Int8 design
Created by: Superjomn
Int8 design
There are two ways to support int8 conversion from float32:
- Convert the value directly by some math methods;
- Pros: simple
- Cons: some precision loss for some models
- Retrain the model in int8 domain
- Pros: lower the precision loss for all the models
- Cons: heavier to use
The converting way is a common way, and easy to carry out, it works for both the server-deployment and mobile deployment; while the retraining way harder but with better effect, we can make it a special feature for Paddle inference.
Converting way
- Input: the float32 model
- Run the infer-predictor N times, collect the statistics from the predictions. (with Python)
- Generate the Int8 conversion information for the parameters, persist it in some way. (with Python)

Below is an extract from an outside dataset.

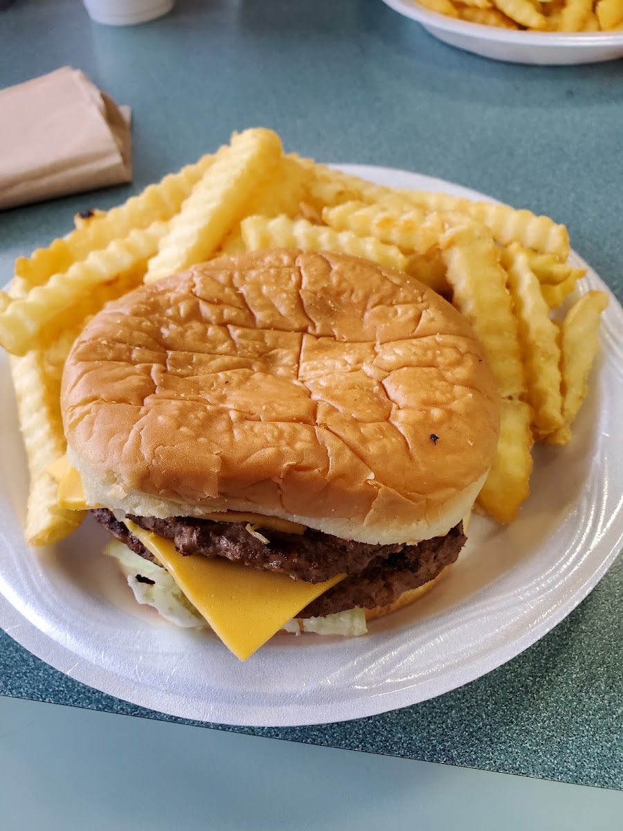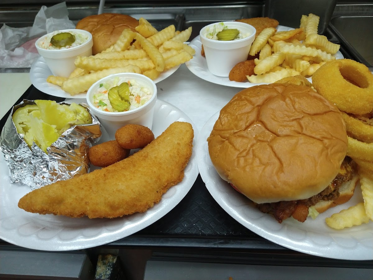 I love their onion rings cooked crispy. Their burgers and chicken fried steak are great. Yum, the okra, slaw.

- The infer-predictor load the transformed model
- Load the parameters
- Load the program, run IR passes, change the graph if needed to support Int8.
- Run prediction ...
NOTE: the parameter statistics or parameter conversion can be developed with Python code, while the program modification better to develop with IR/passes, so that the infer-predictor can unify all the optimization ways, for example, schedule the Int8 as well as some high-performance float kernels in the same graph.
Retraining way
We have made some progress in this way, and tested it in some image classification models and works fine.
It works as follows:
- Input: the float32 model (python)
- Run the trainer, with the program inserted with some int8 domain operators (python)

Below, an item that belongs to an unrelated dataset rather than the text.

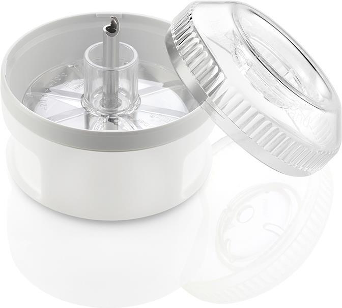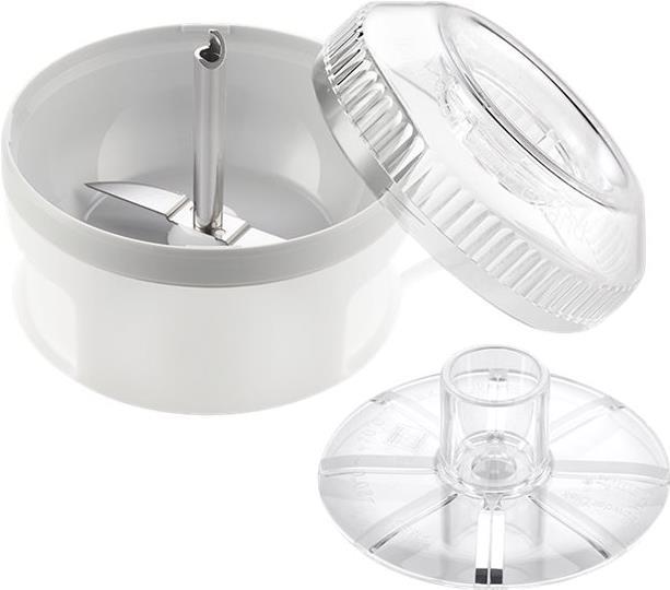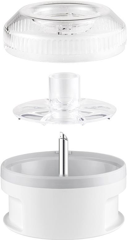 Produkttext[/head]Die ideale Ergänzung zum ESGE-Zauberstab®: der Processor inklusive Pulverscheibe! Im Nu lassen sich trockene Zutaten hacken oder auch fein mahlen. So bekommen Salate, Dips, Saucen oder Dressings ihren würzigen, finalen Kick. Dass alles extra sanft und aromaschonend zerkleinert wird, gewährleistet das fixierte, aber auch entnehmbare zweiflügelige Edelstahlmesser. Ob getrocknete Kräuter oder Gemüse, Hartkäse, Nüsse oder Getreidekörner – im Processor wird alles mühelos zerkleinert. Durch die Pulverscheibe, die zur Ausstattung gehört, können auch kleinste Mengen verarbeitet werden. Für die Prisen schwarzen Pfeffer oder Chiliflocken…Durch den transparenten Deckel hat man den Inhalt immer bestens im Blick und kann so die Feinheit des Mahlgutes perfekt steuern. Soll Erdnussbutter hergestellt werden, sollten die Nüsse sehr fein zerkleinert werden; will man Saaten für das selbstgebackene Körnerbrot zerkleinern, dürfen die ja gerne noch etwas stückiger sein. Aus getrocknetem Brot wird in Sekundenschnelle auf Knopfdruck Paniermehl. Der 200ml-Processor ist schnell und einfach zu reinigen. Er ist auf alle ESGE-Zauberstab®-Modelle abgestimmt bis auf „Gastro“ und „Maître“.[head]Hauptmerkmale

- Persist the model (python)
- The infer-predictor load the model
- IR modify the program (remove the int8 training operators)
- IR transform the parameters (transform the float32 to the format for )
- and parameter with IR/pass and run the infer.
How to determine the boundary between python and C++
We prefer more codes in C++ so that the codes can be better reused and controlled, but considering Python is better for data analysis, so we had better.
- Leave the data analysis, some parameter transformation in Python
- The program modification in C++, as IR passes.